DESCRIPTION OF THE TASK
Nothing in the data may be altered; the answer is a verbatim copy of it.

THE RECORDS START

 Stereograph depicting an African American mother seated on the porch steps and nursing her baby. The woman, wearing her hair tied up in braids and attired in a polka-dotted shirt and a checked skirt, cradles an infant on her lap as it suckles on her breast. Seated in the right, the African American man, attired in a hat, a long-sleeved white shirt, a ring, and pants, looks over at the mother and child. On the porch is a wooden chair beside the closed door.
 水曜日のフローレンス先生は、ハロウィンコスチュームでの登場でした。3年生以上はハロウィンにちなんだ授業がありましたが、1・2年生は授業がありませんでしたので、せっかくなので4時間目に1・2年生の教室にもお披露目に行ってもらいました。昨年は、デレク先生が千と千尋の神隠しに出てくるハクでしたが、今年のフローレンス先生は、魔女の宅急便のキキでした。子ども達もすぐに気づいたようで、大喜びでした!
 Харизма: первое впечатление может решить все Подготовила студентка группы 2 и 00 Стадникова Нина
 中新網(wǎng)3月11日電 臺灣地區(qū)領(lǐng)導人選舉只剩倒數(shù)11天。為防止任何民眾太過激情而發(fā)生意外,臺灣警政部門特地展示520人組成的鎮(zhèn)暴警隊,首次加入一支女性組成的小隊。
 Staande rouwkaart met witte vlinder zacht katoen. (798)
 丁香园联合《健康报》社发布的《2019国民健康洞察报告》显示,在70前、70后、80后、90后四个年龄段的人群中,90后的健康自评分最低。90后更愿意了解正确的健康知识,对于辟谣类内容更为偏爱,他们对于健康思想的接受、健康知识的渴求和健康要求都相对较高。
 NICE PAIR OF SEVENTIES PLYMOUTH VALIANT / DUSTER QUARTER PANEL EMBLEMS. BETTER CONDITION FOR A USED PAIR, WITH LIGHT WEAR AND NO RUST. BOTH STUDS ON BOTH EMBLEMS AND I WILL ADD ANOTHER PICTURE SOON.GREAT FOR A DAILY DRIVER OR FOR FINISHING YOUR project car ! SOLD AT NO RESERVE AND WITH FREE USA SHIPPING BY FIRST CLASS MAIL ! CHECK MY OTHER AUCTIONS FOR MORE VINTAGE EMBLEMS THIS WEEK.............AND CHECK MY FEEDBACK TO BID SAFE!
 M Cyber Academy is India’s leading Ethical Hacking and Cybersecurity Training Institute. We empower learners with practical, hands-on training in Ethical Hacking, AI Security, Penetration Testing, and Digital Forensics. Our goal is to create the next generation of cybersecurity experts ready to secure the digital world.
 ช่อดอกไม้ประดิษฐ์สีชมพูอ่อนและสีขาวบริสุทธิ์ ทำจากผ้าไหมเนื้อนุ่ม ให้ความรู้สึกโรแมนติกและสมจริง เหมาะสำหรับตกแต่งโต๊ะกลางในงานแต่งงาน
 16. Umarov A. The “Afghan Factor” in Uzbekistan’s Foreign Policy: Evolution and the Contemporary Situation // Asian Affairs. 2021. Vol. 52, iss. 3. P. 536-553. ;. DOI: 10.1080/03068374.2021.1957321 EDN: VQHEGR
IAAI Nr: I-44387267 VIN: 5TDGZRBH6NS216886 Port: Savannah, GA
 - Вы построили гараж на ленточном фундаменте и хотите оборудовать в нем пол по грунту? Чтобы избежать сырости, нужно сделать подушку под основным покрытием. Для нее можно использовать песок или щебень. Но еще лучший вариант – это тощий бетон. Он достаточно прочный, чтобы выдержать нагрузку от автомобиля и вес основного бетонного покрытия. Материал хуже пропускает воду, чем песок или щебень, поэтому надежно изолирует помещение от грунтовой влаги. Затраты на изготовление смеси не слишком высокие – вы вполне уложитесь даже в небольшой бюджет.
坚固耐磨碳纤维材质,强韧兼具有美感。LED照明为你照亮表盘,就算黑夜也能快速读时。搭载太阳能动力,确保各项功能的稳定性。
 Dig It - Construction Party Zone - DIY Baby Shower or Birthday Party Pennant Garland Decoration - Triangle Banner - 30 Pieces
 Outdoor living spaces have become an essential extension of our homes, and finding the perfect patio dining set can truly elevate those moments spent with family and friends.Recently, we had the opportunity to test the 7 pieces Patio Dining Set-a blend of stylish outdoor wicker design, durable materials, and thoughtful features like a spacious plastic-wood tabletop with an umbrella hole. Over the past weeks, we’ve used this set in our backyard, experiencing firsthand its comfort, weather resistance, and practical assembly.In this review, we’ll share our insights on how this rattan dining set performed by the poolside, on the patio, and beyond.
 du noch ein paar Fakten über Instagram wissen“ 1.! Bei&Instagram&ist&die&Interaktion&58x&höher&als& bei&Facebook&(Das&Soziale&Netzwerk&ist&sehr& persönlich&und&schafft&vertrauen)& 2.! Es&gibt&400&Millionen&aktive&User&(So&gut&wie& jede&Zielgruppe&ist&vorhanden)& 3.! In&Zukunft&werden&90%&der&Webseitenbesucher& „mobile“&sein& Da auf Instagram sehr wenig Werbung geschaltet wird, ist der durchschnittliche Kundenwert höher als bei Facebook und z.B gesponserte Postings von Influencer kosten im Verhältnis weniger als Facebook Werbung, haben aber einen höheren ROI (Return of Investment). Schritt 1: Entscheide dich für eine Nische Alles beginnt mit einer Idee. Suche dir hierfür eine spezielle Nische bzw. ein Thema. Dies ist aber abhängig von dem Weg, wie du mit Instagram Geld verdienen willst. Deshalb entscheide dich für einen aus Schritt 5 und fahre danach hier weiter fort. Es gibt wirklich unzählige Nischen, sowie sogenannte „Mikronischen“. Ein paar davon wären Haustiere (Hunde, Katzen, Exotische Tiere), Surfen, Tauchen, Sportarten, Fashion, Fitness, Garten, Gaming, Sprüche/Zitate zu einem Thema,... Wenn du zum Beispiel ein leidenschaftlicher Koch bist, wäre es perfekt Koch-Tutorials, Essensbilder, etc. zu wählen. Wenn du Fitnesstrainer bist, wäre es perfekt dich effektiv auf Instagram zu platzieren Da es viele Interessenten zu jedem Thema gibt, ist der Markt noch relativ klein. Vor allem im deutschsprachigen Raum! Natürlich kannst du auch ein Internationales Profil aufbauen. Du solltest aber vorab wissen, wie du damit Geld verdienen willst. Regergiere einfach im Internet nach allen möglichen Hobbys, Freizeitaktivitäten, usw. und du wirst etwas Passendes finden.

THE RECORDS END

ANSWER BELOW
 Stereograph depicting an African American mother seated on the porch steps and nursing her baby. The woman, wearing her hair tied up in braids and attired in a polka-dotted shirt and a checked skirt, cradles an infant on her lap as it suckles on her breast. Seated in the right, the African American man, attired in a hat, a long-sleeved white shirt, a ring, and pants, looks over at the mother and child. On the porch is a wooden chair beside the closed door.
 水曜日のフローレンス先生は、ハロウィンコスチュームでの登場でした。3年生以上はハロウィンにちなんだ授業がありましたが、1・2年生は授業がありませんでしたので、せっかくなので4時間目に1・2年生の教室にもお披露目に行ってもらいました。昨年は、デレク先生が千と千尋の神隠しに出てくるハクでしたが、今年のフローレンス先生は、魔女の宅急便のキキでした。子ども達もすぐに気づいたようで、大喜びでした!
 Харизма: первое впечатление может решить все Подготовила студентка группы 2 и 00 Стадникова Нина
 中新網(wǎng)3月11日電 臺灣地區(qū)領(lǐng)導人選舉只剩倒數(shù)11天。為防止任何民眾太過激情而發(fā)生意外,臺灣警政部門特地展示520人組成的鎮(zhèn)暴警隊,首次加入一支女性組成的小隊。
 Staande rouwkaart met witte vlinder zacht katoen. (798)
 丁香园联合《健康报》社发布的《2019国民健康洞察报告》显示,在70前、70后、80后、90后四个年龄段的人群中,90后的健康自评分最低。90后更愿意了解正确的健康知识,对于辟谣类内容更为偏爱,他们对于健康思想的接受、健康知识的渴求和健康要求都相对较高。
 NICE PAIR OF SEVENTIES PLYMOUTH VALIANT / DUSTER QUARTER PANEL EMBLEMS. BETTER CONDITION FOR A USED PAIR, WITH LIGHT WEAR AND NO RUST. BOTH STUDS ON BOTH EMBLEMS AND I WILL ADD ANOTHER PICTURE SOON.GREAT FOR A DAILY DRIVER OR FOR FINISHING YOUR project car ! SOLD AT NO RESERVE AND WITH FREE USA SHIPPING BY FIRST CLASS MAIL ! CHECK MY OTHER AUCTIONS FOR MORE VINTAGE EMBLEMS THIS WEEK.............AND CHECK MY FEEDBACK TO BID SAFE!
 M Cyber Academy is India’s leading Ethical Hacking and Cybersecurity Training Institute. We empower learners with practical, hands-on training in Ethical Hacking, AI Security, Penetration Testing, and Digital Forensics. Our goal is to create the next generation of cybersecurity experts ready to secure the digital world.
 ช่อดอกไม้ประดิษฐ์สีชมพูอ่อนและสีขาวบริสุทธิ์ ทำจากผ้าไหมเนื้อนุ่ม ให้ความรู้สึกโรแมนติกและสมจริง เหมาะสำหรับตกแต่งโต๊ะกลางในงานแต่งงาน
 16. Umarov A. The “Afghan Factor” in Uzbekistan’s Foreign Policy: Evolution and the Contemporary Situation // Asian Affairs. 2021. Vol. 52, iss. 3. P. 536-553. ;. DOI: 10.1080/03068374.2021.1957321 EDN: VQHEGR
IAAI Nr: I-44387267 VIN: 5TDGZRBH6NS216886 Port: Savannah, GA
 - Вы построили гараж на ленточном фундаменте и хотите оборудовать в нем пол по грунту? Чтобы избежать сырости, нужно сделать подушку под основным покрытием. Для нее можно использовать песок или щебень. Но еще лучший вариант – это тощий бетон. Он достаточно прочный, чтобы выдержать нагрузку от автомобиля и вес основного бетонного покрытия. Материал хуже пропускает воду, чем песок или щебень, поэтому надежно изолирует помещение от грунтовой влаги. Затраты на изготовление смеси не слишком высокие – вы вполне уложитесь даже в небольшой бюджет.
坚固耐磨碳纤维材质,强韧兼具有美感。LED照明为你照亮表盘,就算黑夜也能快速读时。搭载太阳能动力,确保各项功能的稳定性。
 Dig It - Construction Party Zone - DIY Baby Shower or Birthday Party Pennant Garland Decoration - Triangle Banner - 30 Pieces
 Outdoor living spaces have become an essential extension of our homes, and finding the perfect patio dining set can truly elevate those moments spent with family and friends.Recently, we had the opportunity to test the 7 pieces Patio Dining Set-a blend of stylish outdoor wicker design, durable materials, and thoughtful features like a spacious plastic-wood tabletop with an umbrella hole. Over the past weeks, we’ve used this set in our backyard, experiencing firsthand its comfort, weather resistance, and practical assembly.In this review, we’ll share our insights on how this rattan dining set performed by the poolside, on the patio, and beyond.
 du noch ein paar Fakten über Instagram wissen“ 1.! Bei&Instagram&ist&die&Interaktion&58x&höher&als& bei&Facebook&(Das&Soziale&Netzwerk&ist&sehr& persönlich&und&schafft&vertrauen)& 2.! Es&gibt&400&Millionen&aktive&User&(So&gut&wie& jede&Zielgruppe&ist&vorhanden)& 3.! In&Zukunft&werden&90%&der&Webseitenbesucher& „mobile“&sein& Da auf Instagram sehr wenig Werbung geschaltet wird, ist der durchschnittliche Kundenwert höher als bei Facebook und z.B gesponserte Postings von Influencer kosten im Verhältnis weniger als Facebook Werbung, haben aber einen höheren ROI (Return of Investment). Schritt 1: Entscheide dich für eine Nische Alles beginnt mit einer Idee. Suche dir hierfür eine spezielle Nische bzw. ein Thema. Dies ist aber abhängig von dem Weg, wie du mit Instagram Geld verdienen willst. Deshalb entscheide dich für einen aus Schritt 5 und fahre danach hier weiter fort. Es gibt wirklich unzählige Nischen, sowie sogenannte „Mikronischen“. Ein paar davon wären Haustiere (Hunde, Katzen, Exotische Tiere), Surfen, Tauchen, Sportarten, Fashion, Fitness, Garten, Gaming, Sprüche/Zitate zu einem Thema,... Wenn du zum Beispiel ein leidenschaftlicher Koch bist, wäre es perfekt Koch-Tutorials, Essensbilder, etc. zu wählen. Wenn du Fitnesstrainer bist, wäre es perfekt dich effektiv auf Instagram zu platzieren Da es viele Interessenten zu jedem Thema gibt, ist der Markt noch relativ klein. Vor allem im deutschsprachigen Raum! Natürlich kannst du auch ein Internationales Profil aufbauen. Du solltest aber vorab wissen, wie du damit Geld verdienen willst. Regergiere einfach im Internet nach allen möglichen Hobbys, Freizeitaktivitäten, usw. und du wirst etwas Passendes finden.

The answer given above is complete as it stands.